Déplacements de supporters: Les arrêtés préfectoraux en hausse continue depuis 2011

Début avril, l’Association Nationale des Supporters (ANS) déplorait une véritable régression dans le traitement des supporters, notamment au niveau des interdictions de déplacement, et appelait à la mobilisation contre les sanctions collectives débridées.

“Depuis le week-end dernier, les groupes de supporters font part en tribunes de leur inquiétude face à l’augmentation des mesures liberticides à leur encontre” prévient l’ANS sur ses réseaux sociaux. L’association, qui défend bec et ongles la cause des supporters, alerte sur la dérive des arrêtés préfectoraux et ministériel visant à interdire ou restreindre les déplacements. Graphique à l’appui, l’ANS pointe une hausse continue du recours à ces arrêtés depuis 2011, date à laquelle cette arme a été mise à disposition des préfets dans le cadre la LOPPSI 2, énième loi sécuritaire.

L’analyse de l’ANS met volontairement de côté les saisons 2019/20 et 2020/21 qui ne sont pas représentatives en raison des mesures sanitaires qui ont imposé jauges et huis clos pendant 16 mois. (source: ANS / Twitter)

Vendus au démarrage comme une mesure censée être utilisée de façon exceptionnelle, les interdictions de déplacement sont aujourd’hui devenues la norme, pour ne pas dire la “méthode” privilégiée par les autorités pour prévenir d’éventuels débordements. En dix ans, le nombre d’arrêtés a été multiplié par plus de 30 ! Des chiffres qui suffisent à illustrer le pouvoir pris par les préfets de police dans la gestion du supportérisme et qui attestent d’une situation bloquée face au Ministère de l’Intérieur qui ne montre aucun signe réel d’assouplissement de sa doctrine. L’ANS et certains groupes ont souvent invoqué la circulaire de novembre 2019, obtenue dans le cadre des travaux de l’Instance Nationale du Supportérisme (INS) et censée limiter les interdictions de déplacement. A l’heure du retour du public dans les stades au début de cette saison 2021/22, on constate qu’elle n’a absolument pas tempéré la frénésie disciplinaire des préfets. Au contraire, avec 129 arrêtés (dont 63 arrêtés d’interdiction), alors qu’il reste encore trois journées de championnat, on assiste déjà une triste saison-record, si on met à part la saison 2015/16 et ses 223 arrêtés dans le contexte anti-terroriste avec la mise en place de l’état d’urgence.

Banderoles contre les sanctions collectives

Si le nombre de ces arrêtés frappe, que dire des motifs avancés par les préfets.
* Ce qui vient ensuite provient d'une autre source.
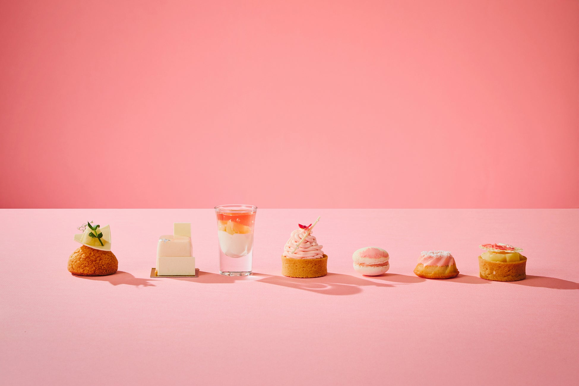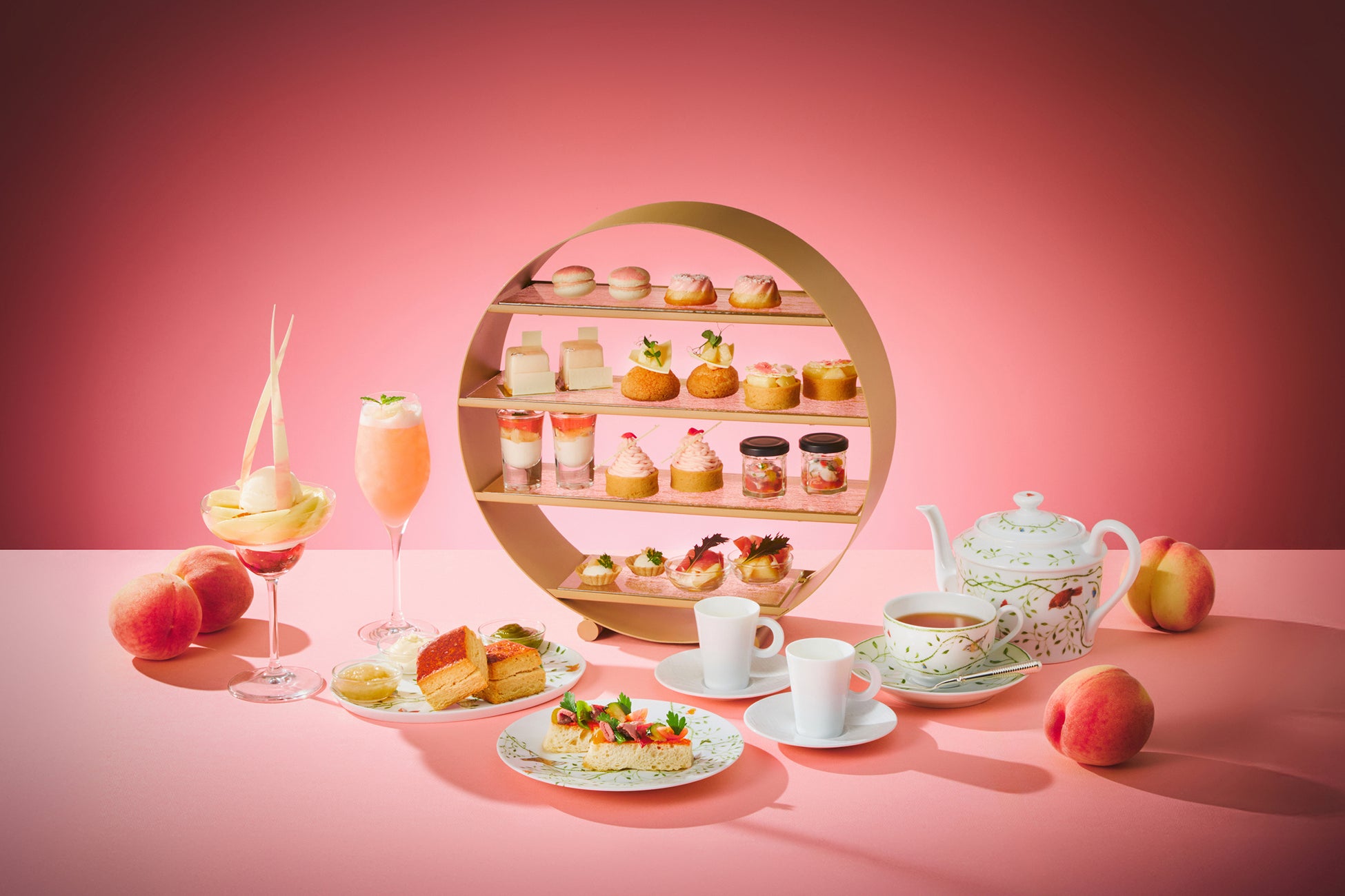 ピーチピンクのスイーツが、THE LOBBY LOUNGEのアートとリンクした車輪型のスタンドを可憐に彩ります。バニラ風味のパンナコッタとフレッシュな桃を重ねた「ピーチメルバ」、紅茶の香りが寄り添う「桃と紅茶のティグレ」、和のエッセンスとして白餡を存分に使った「桃のモンブラン」など、甘い桃の香りが広がる、愛らしく上品なスイーツが勢ぞろいします。

A croire qu’il y a une course secrète à qui apportera le plus farfelu. Par le passé on a déjà vu des déplacements interdits au nom de rivalités plus ou moins fantasmées, mais aussi pour la concomitance d’un vide-grenier ou des festivités de la Saint-Patrick. Le nombre insuffisant de forces de l’ordre pour encadrer les supporters est le joker que les préfets sortent de week-end en week-end. A l’occasion de la 35e journée de Ligue 1 le 30 avril dernier, les supporters nantais n’ont pas été autorisés à se rendre à Lens, cette fois-ci en raison des rencontres internationales de cerfs-volants à Berck. L’arbitraire passe mieux avec un nez de clown, doit-on se dire dans les préfectures de l’Hexagone.
Banderole accrochée dans le parcage où auraient dû prendre place les supporters nantais à Félix-Bollaert le 30 avril dernier.
Nantais interdits, à quoi sert Delaunay?” proclamait une banderole des ultras lensois ciblant le chef de la Division Nationale de Lutte contre le Hooliganisme (DNLH). Des banderoles similaires ont été sorties à Grenoble et le hashtag #DelaunayEmploiFictif a aussi été repris sur les réseaux sociaux. A la tête de la DNLH depuis le 1er septembre 2020, Thibault Delaunay avait beau reprendre en début de saison l’élément de langage gouvernemental – jamais suivi d’effets – contre les interdictions “systématiques”, son silence est critiqué par l’ANS. La DNLH, qui ne se prive pas de décerner des titres de matchs “à haut risque” servant d’eau au moulin des interdictions préfectorales, porte bien sûr la responsabilité de ce bilan. Même peu visible, la DNLH reste un rouage de cette politique sécuritaire globale et de la doctrine imposée par le Ministère de l’Intérieur. Et celle-ci est, dans les faits, beaucoup plus proche de l’interdiction systématique – dont rêve le commissaire Desjars – que du “dialogue préalable” promis dans la circulaire de novembre 2019. Une politique qui, comme l’analyse l’ANS, ramène le monde des tribunes “en tout point à la saison 2015/16“.